As a techie person I basically spend the entire day interacting with various software to perform various tasks, work related and otherwise. I cannot overstate: NONE of these interactions, not a single one, is improved one iota by turning it into a conversation, verbal or text-based, with my or someone else's computer. By definition it makes basic tasks take longer, every time, without fail.

replies(3): >>43539272 #>>43543816 #>>43547918 #
1. Terr_ ◴[] No.43543816[source]
Agreed, verbally asking for X might make it easier for Aunt "where's the Any key" Tillie to get a solution, but it doesn't necessarily give a better solution for everyone else.

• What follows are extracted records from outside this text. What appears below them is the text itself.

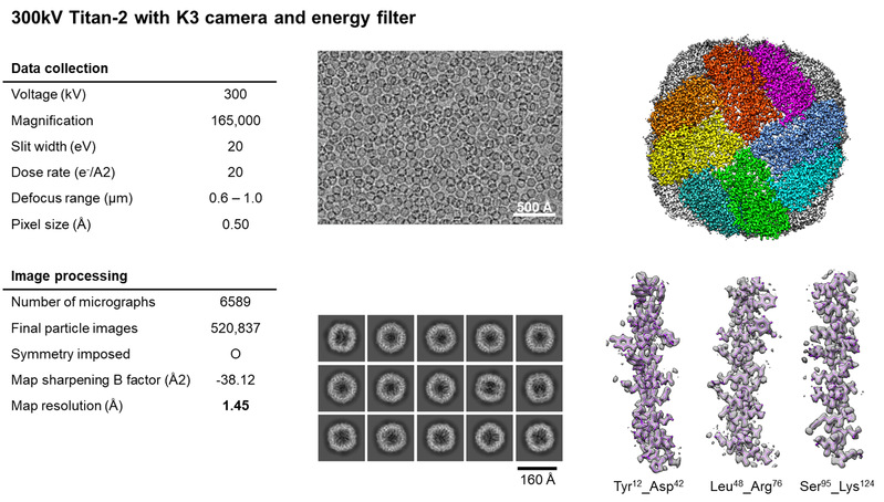 平台完成了300 kV#2 高端透射电镜的标准样品性能的重新测试,标准参照样品Apoferritin获得了1.45 Å分辨率的重构,现将结果同各位用户分享。
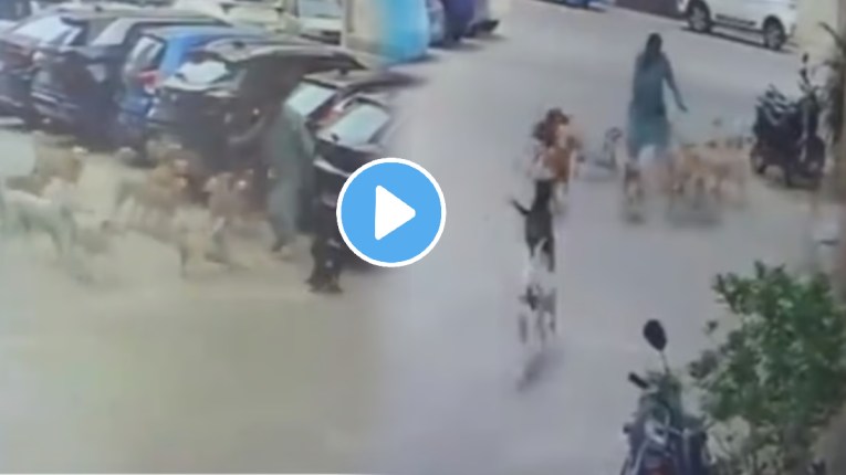 महिलेच्या पतीने या घटनेचा व्हिडीओ सोशल मीडियावर शेअर केला आणि दावा केला की परिसरात कुत्र्यांचा त्रास वाढत आहे आणि अलीकडच्या काळात अनेक मुले कुत्र्यांच्या हल्ल्याला बळी पडली आहेत. त्यांनी सोसायटीतील रहिवाशांना परिसरातील कुत्र्यांना खायला न देण्याचे आवाहन केले. कारण- त्यामुळे परिसरातील इतर लोकांना त्रास होतो. सुदैवाने ही घटना एका महिलेसोबत घडली; पण जर ही घटना एखाद्या लहान मुलासोबत घडली असती, तर कदाचित त्या मुलाला या कुत्र्यांपासून आपला जीव वाचवता आला नसता. संपूर्ण देशभरात भटक्या कुत्र्यांची दहशत पाहायला मिळत असून, व्हिडीओ पाहून नेटकरीही संताप व्यक्त करीत आहेत.
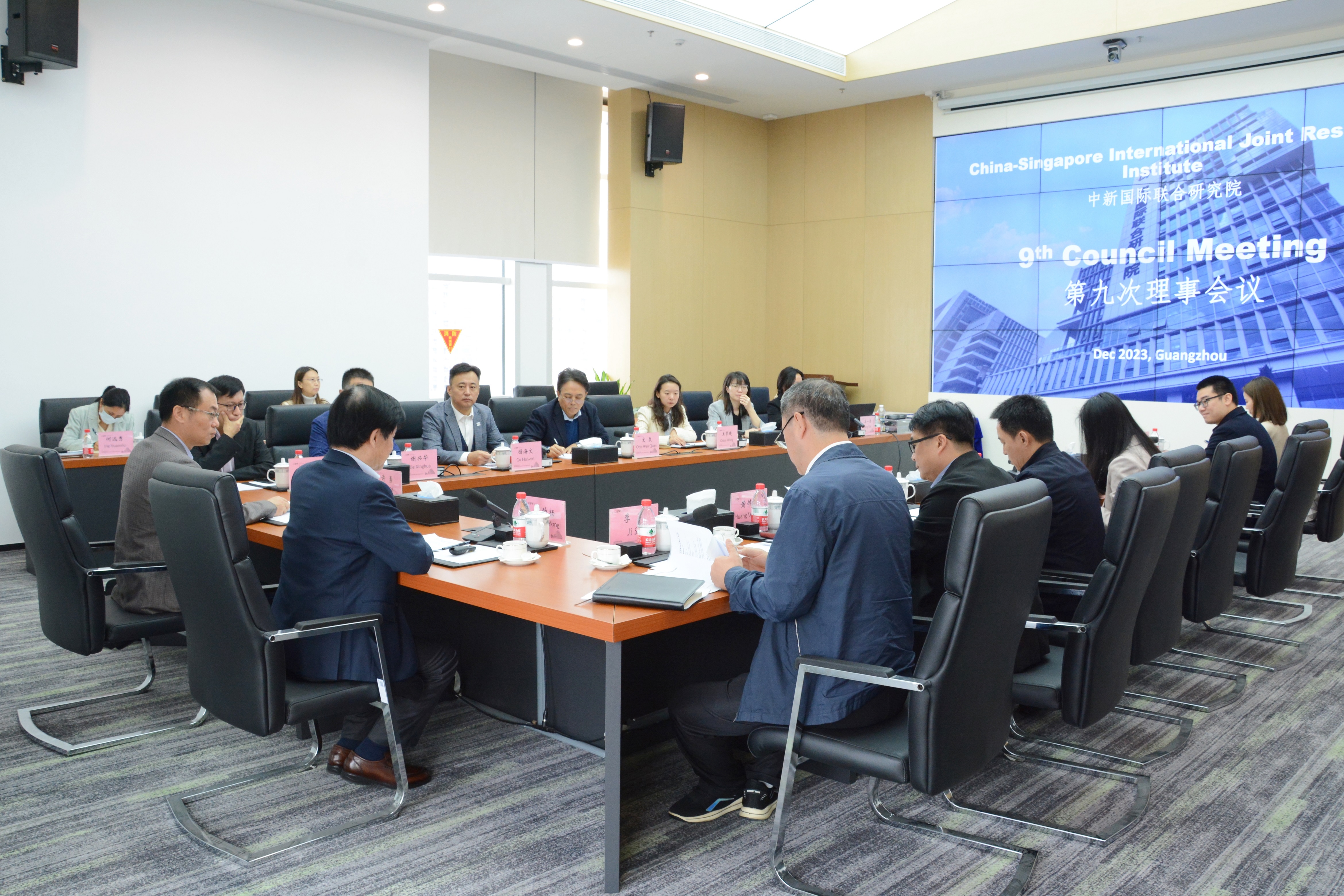 12月4日,中新国际联合研究院第九次理事会会议在广州召开。理事及理事单位代表新加坡南洋理工大学副校长(产业)蓝钦扬,华南理工大学副校长许勇,黄埔区科学技术局一级调研员季思,中新广州知识城开发建设办公室党组成员、副主任黄伟坚,中新广州知识城投资开发有限公司战略合作总经理翁文炳,研究院管理层参加了本次会议。会议由研究院理事长蓝钦扬主持。

Or, for that matter, solutions you can trust. Remember the pitch for Amazon Dash buttons, where you press it and it maybe-reorders a product for delivery, instantly and sight-unseen? What if the price changed? What if it's not exactly the same product anymore? Wait, did someone else already press it? Maybe I can get a better deal? etc.

Actually, that spurs a random thought: Perhaps some of these smart-speaker ordering pitches land differently if someone is in a socioeconomic class where they're already accustomed to such tasks being done competently by human office-assistants, nannies, etc. Their default expectation might be higher, and they won't need to invest time pinching pennies like the rest of us.